The six most important classifier variables were interleukin (IL)-8, IL-6, protein C, soluble tumour necrosis factor receptor 1, bicarbonate, and vasopressor use. From the nested models, three-variable (IL-8, bicarbonate, and protein C) and four-variable (3-variable plus vasopressor use) models were adjudicated to be the best performing. In the validation test set, both models showed good accuracy (AUC 0·94 [95% CI 0·92–0·95] for the three-variable model and 0·95 [95% CI 0·93–0·96] for the four-variable model) against LCA classifications. As with LCA-derived phenotypes, the hyperinflammatory phenotype as identified by the classifier model was associated with higher mortality at day 90 (87 [39%] of 223 patients vs 112 [23%] of 492 patients; p<0·0001) and fewer ventilator-free days (median 14 days [IQR 0–22] vs 22 days [0–25]; p<0·0001). In the external validation datasets, three-variable models developed in the derivation dataset identified two phenotypes with distinct clinical features and outcomes consistent with previous findings, including differential survival with simvastatin versus placebo in HARP-2 (p=0·023 for survival at 28 days).

Interpretation

ARDS phenotypes can be accurately identified with parsimonious classifier models using three or four variables. Pending the development of real-time testing for key biomarkers and prospective validation, these models could facilitate identification of ARDS phenotypes to enable their application in clinical trials and practice.

Funding

National Institutes of Health.

中文翻译：

开发和验证用于分类急性呼吸窘迫综合征表型的简约算法：随机对照试验的二次分析。

背景

在五个随机对照试验 (RCT) 队列中使用潜在类别分析 (LCA)，已经确定了急性呼吸窘迫综合征 (ARDS) 的两种不同表型：低炎症和高炎症。表型与不同的结果和治疗反应有关。本研究的目的是开发用于表型识别的简约模型，该模型可以准确且可行地用于临床环境。

方法

在这项回顾性研究中，来自国家肺、心脏和血液研究所 ARDS 网络（ARMA、ALVEOLI 和 FACTT）的三个 RCT 队列被用作推导数据集（n=2022），机器学习和逻辑回归分类器模型从中推导出来，并使用来自同一网络的第四个（SAILS；n = 715）作为验证测试集。
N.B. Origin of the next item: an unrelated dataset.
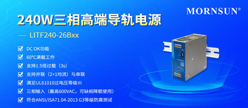 随着市场对高性能、高可靠三相导轨需求的日益增加,金升阳推出240W三相高端导轨LITF240-26B24/48系列,补全LITF系列低功率段产品布局,LITF240-26B系列具有高性能、低功耗、高效率、高可靠性、安全隔离等优点,广泛适用于充电桩、核电、风电、石油化工、冶金、高端制造、精密制造等行业的控制系统和驱动系统。
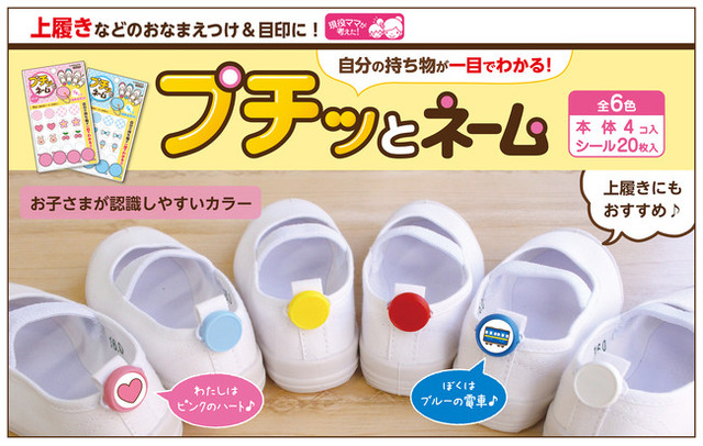 【プチッとネーム】は、今までKAWAGUCHIが培ってきた「現役ママが考えた!おなまえつけシリーズ」のノウハウが活かされた、取付けが簡単でパパ、ママにとって作業の負担が少なく、子どもが認識しやすいカラーで、一目で「自分の持ち物」がわかるおなまえつけグッズです。

所有这些队列中的 LCA 衍生表型均用作参考标准。机器学习算法（随机森林、自举聚合和最小绝对收缩和选择算子）用于选择最多六个重要的分类器变量，然后用于开发嵌套逻辑回归模型。只有推导数据集中具有完整生物标志物数据的案例才用于变量选择。然后在验证测试集中评估基于简约性和预测准确性的最佳逻辑回归模型。最后，通过评估第 28、60 和 90 天以及第 28 天无呼吸机的死亡率，在两个外部 ARDS 临床试验数据集（START 和 HARP-2）中测试了模型的预后有效性。

发现

六个最重要的分类变量是白细胞介素 (IL)-8、IL-6、蛋白 C、可溶性肿瘤坏死因子受体 1、碳酸氢盐和血管加压药的使用。在嵌套模型中，三变量（IL-8、碳酸氢盐和蛋白 C）和四变量（三变量加血管加压剂使用）模型被判定为表现最佳。在验证测试集中，两个模型都显示出良好的准确性（三变量模型的 AUC 0·94 [95% CI 0·92–0·95] 和 0·95 [95% CI 0·93–0·96]对于四变量模型）针对 LCA 分类。与 LCA 衍生的表型一样，分类模型确定的高炎症表型与第 90 天较高的死亡率相关（223 名患者中的 87 [39%]对492 名患者中的 112 [23%]；p<0·0001）和更少的无呼吸机天数（中位数 14 天 [IQR 0–22]vs 22 天 [0-25]；p<0·0001)。在外部验证数据集中，在推导数据集中开发的三变量模型确定了两种具有不同临床特征和结果的表型与先前的发现一致，包括在 HARP-2 中使用辛伐他汀与安慰剂的不同存活率（p=0·023，28 岁时的存活率）天）。